■ Task ■
Below are records with pictures; copy word for word only the lines between the line with "佐賀錦の魅力は、雛人形だけに" and the line with "Colar com Medalha", inclusive, and drop the pictures.

■ Data for processing ■

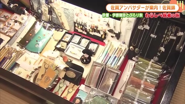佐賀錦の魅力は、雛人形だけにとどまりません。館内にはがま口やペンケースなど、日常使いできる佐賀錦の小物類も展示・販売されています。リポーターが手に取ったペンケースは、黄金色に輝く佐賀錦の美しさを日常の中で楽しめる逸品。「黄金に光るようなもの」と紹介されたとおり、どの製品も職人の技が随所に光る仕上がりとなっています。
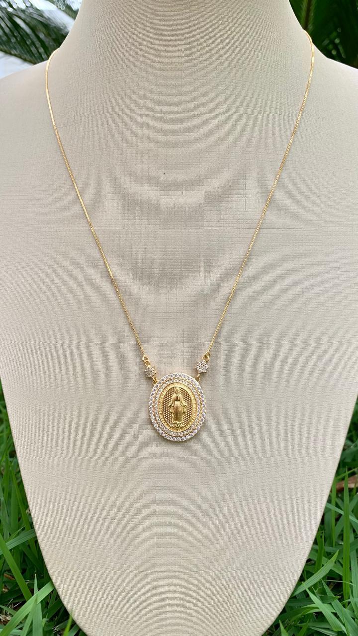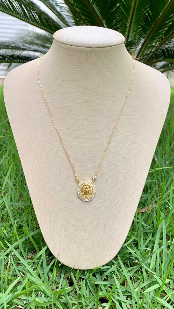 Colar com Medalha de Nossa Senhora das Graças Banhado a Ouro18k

--

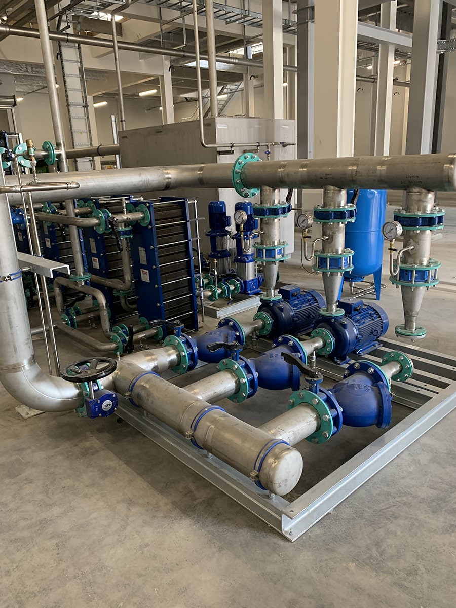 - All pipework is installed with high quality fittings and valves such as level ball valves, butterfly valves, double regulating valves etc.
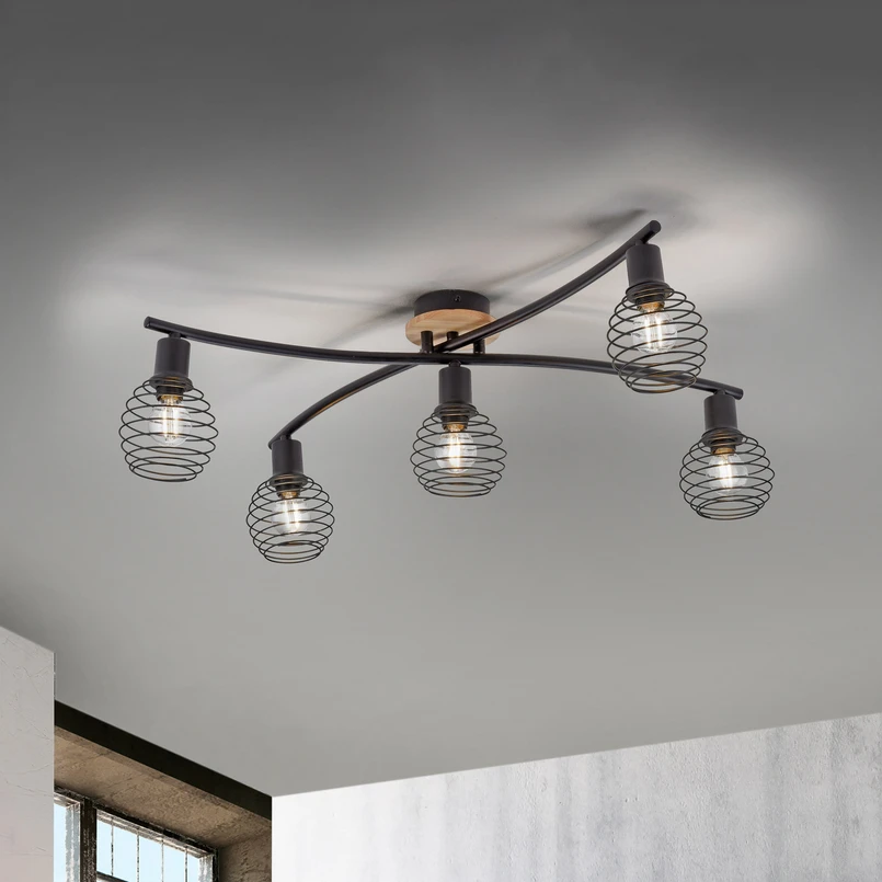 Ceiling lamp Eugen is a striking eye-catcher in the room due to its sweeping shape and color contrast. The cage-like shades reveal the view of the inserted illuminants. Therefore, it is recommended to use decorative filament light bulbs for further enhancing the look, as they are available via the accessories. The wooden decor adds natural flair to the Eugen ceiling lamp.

==

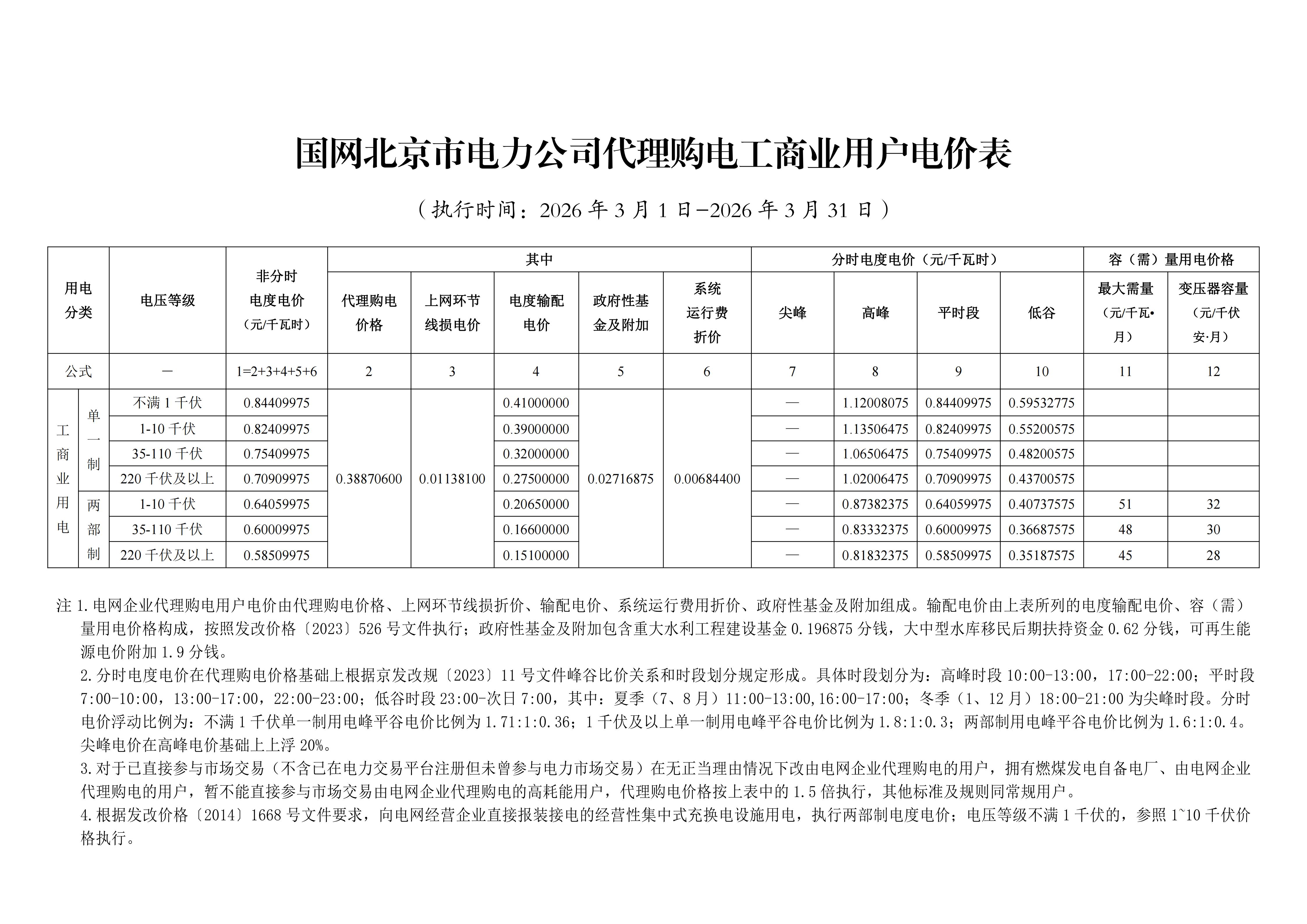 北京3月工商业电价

■ Response area ■
佐賀錦の魅力は、雛人形だけにとどまりません。館内にはがま口やペンケースなど、日常使いできる佐賀錦の小物類も展示・販売されています。リポーターが手に取ったペンケースは、黄金色に輝く佐賀錦の美しさを日常の中で楽しめる逸品。「黄金に光るようなもの」と紹介されたとおり、どの製品も職人の技が随所に光る仕上がりとなっています。
 Colar com Medalha de Nossa Senhora das Graças Banhado a Ouro18k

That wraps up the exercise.